*What is being asked*.
Look through the entries below for the line with "(第4回#3から続く)プロフ" and the line with "We have had", then give again exactly those two lines and all lines between them, minus the pictures.

*Source material*.
•••••

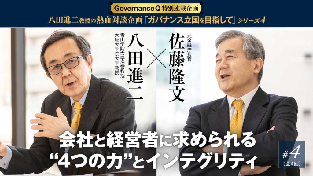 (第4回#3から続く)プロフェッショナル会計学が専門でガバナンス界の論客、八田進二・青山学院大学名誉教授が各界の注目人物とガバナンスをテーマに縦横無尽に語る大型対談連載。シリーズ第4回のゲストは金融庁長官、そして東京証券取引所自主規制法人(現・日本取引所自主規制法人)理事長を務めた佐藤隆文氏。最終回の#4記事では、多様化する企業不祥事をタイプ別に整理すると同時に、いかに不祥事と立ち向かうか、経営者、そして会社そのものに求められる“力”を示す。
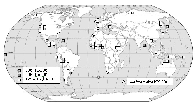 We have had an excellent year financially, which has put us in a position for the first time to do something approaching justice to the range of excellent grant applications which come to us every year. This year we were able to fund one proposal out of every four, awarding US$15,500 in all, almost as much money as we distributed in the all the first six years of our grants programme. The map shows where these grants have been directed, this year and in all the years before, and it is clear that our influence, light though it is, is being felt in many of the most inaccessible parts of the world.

•••••

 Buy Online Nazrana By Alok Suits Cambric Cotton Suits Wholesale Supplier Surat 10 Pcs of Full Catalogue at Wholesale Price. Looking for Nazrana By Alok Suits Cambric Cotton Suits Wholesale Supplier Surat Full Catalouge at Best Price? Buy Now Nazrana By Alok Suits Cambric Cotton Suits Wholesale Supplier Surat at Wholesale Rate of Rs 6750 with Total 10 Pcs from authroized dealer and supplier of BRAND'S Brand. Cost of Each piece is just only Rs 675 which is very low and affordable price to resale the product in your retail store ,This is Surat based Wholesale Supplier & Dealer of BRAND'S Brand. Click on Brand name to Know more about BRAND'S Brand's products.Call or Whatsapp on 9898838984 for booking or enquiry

•••••

*Your solution*.
 (第4回#3から続く)プロフェッショナル会計学が専門でガバナンス界の論客、八田進二・青山学院大学名誉教授が各界の注目人物とガバナンスをテーマに縦横無尽に語る大型対談連載。シリーズ第4回のゲストは金融庁長官、そして東京証券取引所自主規制法人(現・日本取引所自主規制法人)理事長を務めた佐藤隆文氏。最終回の#4記事では、多様化する企業不祥事をタイプ別に整理すると同時に、いかに不祥事と立ち向かうか、経営者、そして会社そのものに求められる“力”を示す。
 We have had an excellent year financially, which has put us in a position for the first time to do something approaching justice to the range of excellent grant applications which come to us every year. This year we were able to fund one proposal out of every four, awarding US$15,500 in all, almost as much money as we distributed in the all the first six years of our grants programme. The map shows where these grants have been directed, this year and in all the years before, and it is clear that our influence, light though it is, is being felt in many of the most inaccessible parts of the world.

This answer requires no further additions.